== BRIEF ==
Restate the data word for word. Leave the pictures out.

== SUPPLIED INFORMATION ==
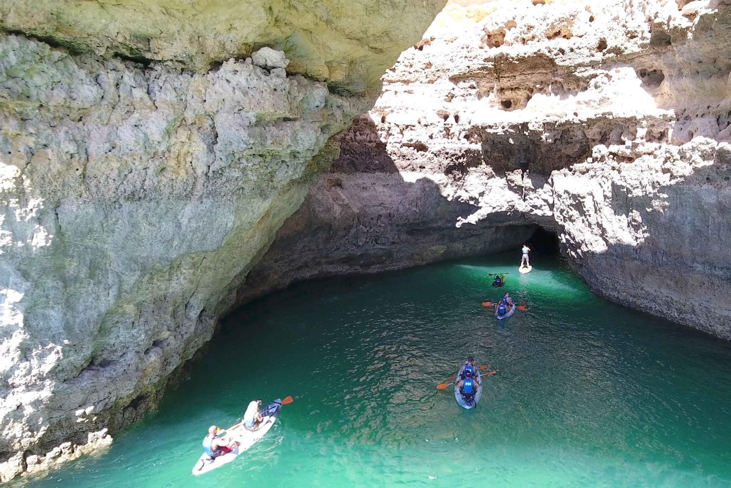 Segue o teu guia experiente enquanto remas pelas águas turquesa, explorando cavernas secretas e locais isolados que só são acessíveis pelo mar. Uma explicação completa sobre segurança garante que te sintas confortável, mesmo que sejas iniciante. Após a experiência de caiaque, volta para o barco e desfruta de um passeio tranquilo de volta à marina enquanto aprecias as vistas finais da costa algarvia.
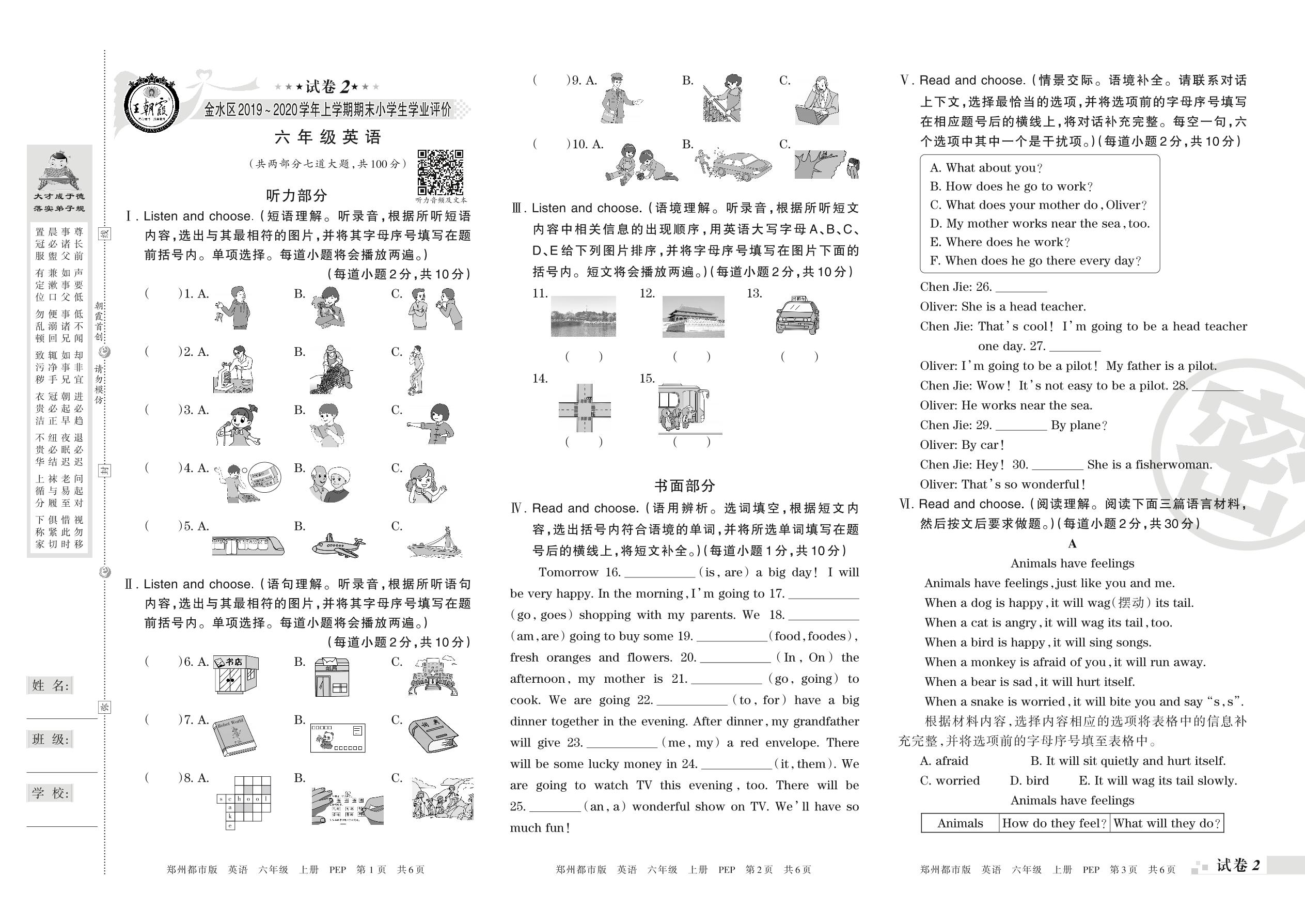 2019-2020学年第一学期郑州市金水区六年级英语试卷(PEP版)【2】
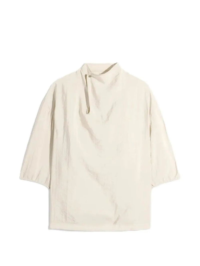 Sand beige, three-quarter sleeves, button detail, mock neck, elasticated hem.

== YOUR SOLUTION ==
 Segue o teu guia experiente enquanto remas pelas águas turquesa, explorando cavernas secretas e locais isolados que só são acessíveis pelo mar. Uma explicação completa sobre segurança garante que te sintas confortável, mesmo que sejas iniciante. Após a experiência de caiaque, volta para o barco e desfruta de um passeio tranquilo de volta à marina enquanto aprecias as vistas finais da costa algarvia.
 2019-2020学年第一学期郑州市金水区六年级英语试卷(PEP版)【2】
 Sand beige, three-quarter sleeves, button detail, mock neck, elasticated hem.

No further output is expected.